## [Your goal]
Find the line with "GTCMF-V-Series Coriolis MassFlow Meter" in the records below. Output exactly from there until after the line with "Swatch watches are", without pictures.

## [Raw data]
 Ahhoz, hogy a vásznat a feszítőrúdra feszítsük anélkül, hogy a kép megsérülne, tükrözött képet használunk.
---
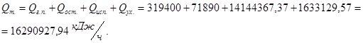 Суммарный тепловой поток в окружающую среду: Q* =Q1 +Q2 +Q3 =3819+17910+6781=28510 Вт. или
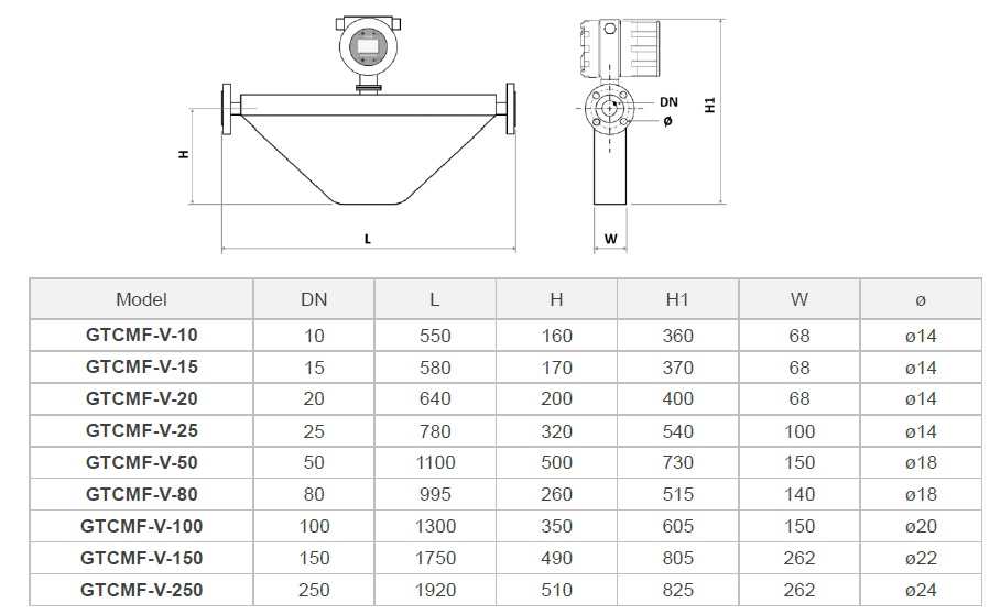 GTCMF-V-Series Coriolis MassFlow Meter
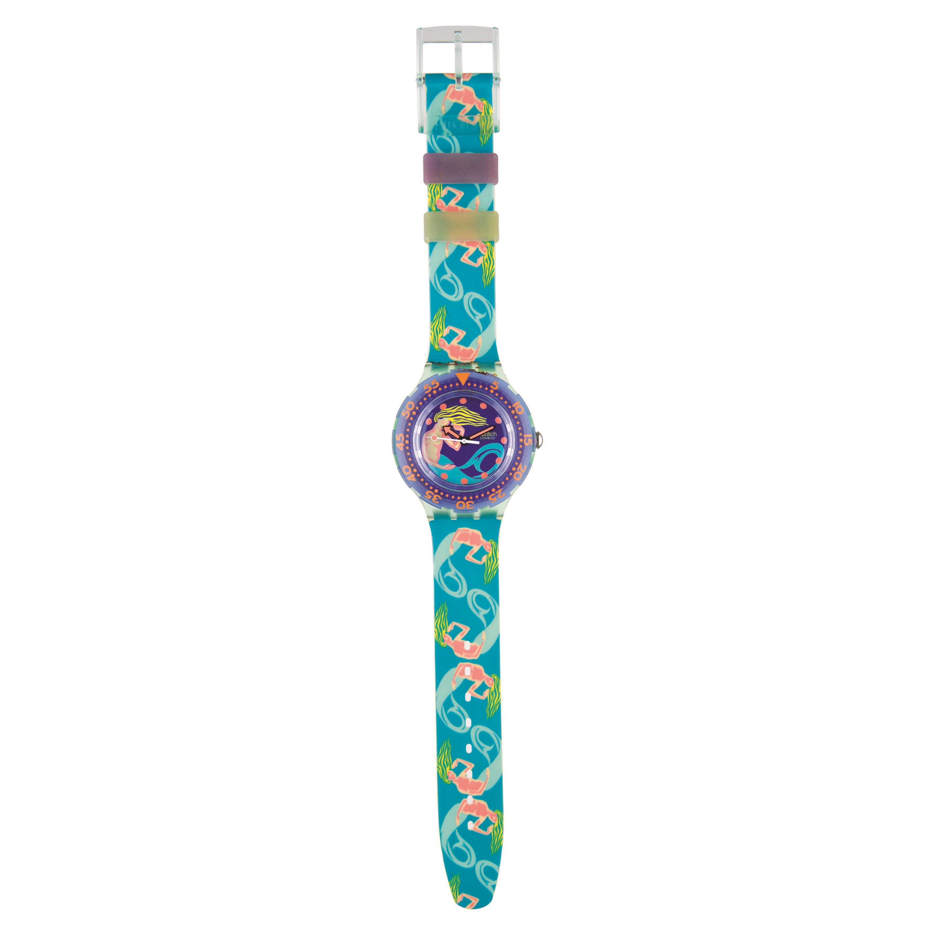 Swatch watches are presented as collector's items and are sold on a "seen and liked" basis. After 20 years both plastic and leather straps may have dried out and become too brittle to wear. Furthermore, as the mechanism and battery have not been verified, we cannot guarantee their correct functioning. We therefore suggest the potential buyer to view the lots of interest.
--
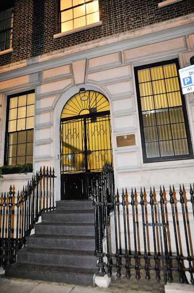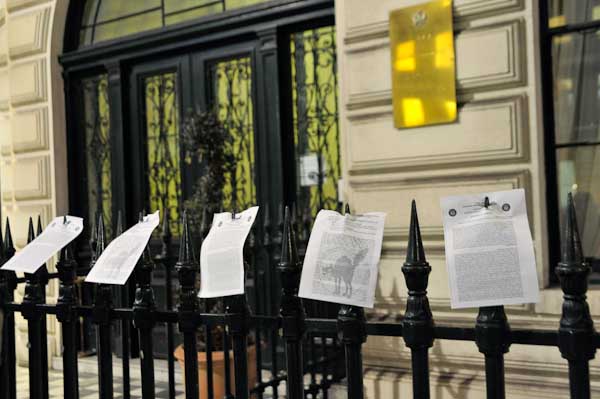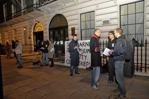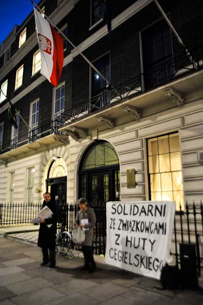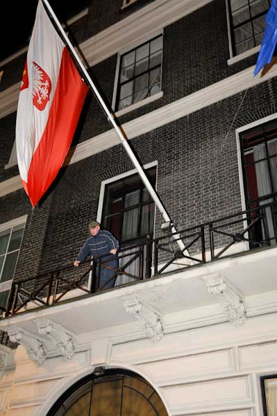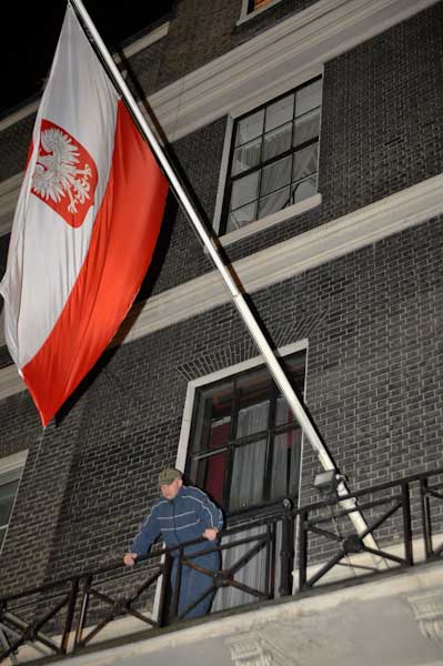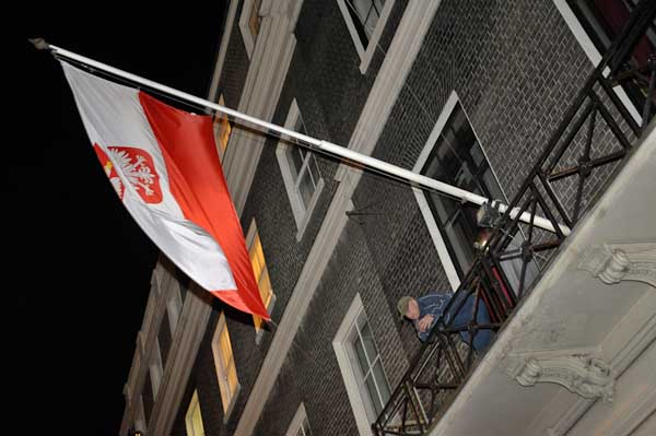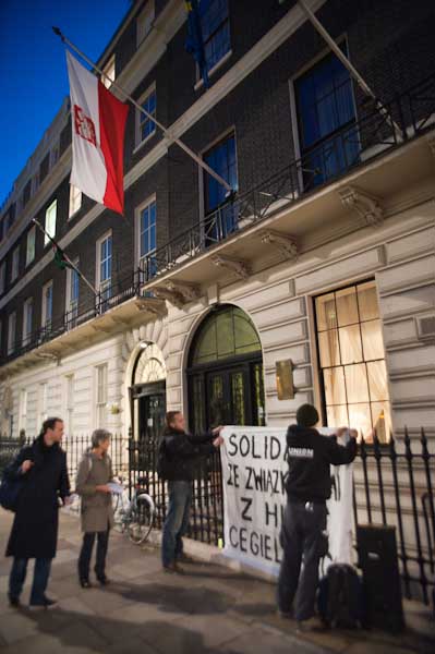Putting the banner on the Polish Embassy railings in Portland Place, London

## [Solution to the exercise]
 GTCMF-V-Series Coriolis MassFlow Meter
 Swatch watches are presented as collector's items and are sold on a "seen and liked" basis. After 20 years both plastic and leather straps may have dried out and become too brittle to wear. Furthermore, as the mechanism and battery have not been verified, we cannot guarantee their correct functioning. We therefore suggest the potential buyer to view the lots of interest.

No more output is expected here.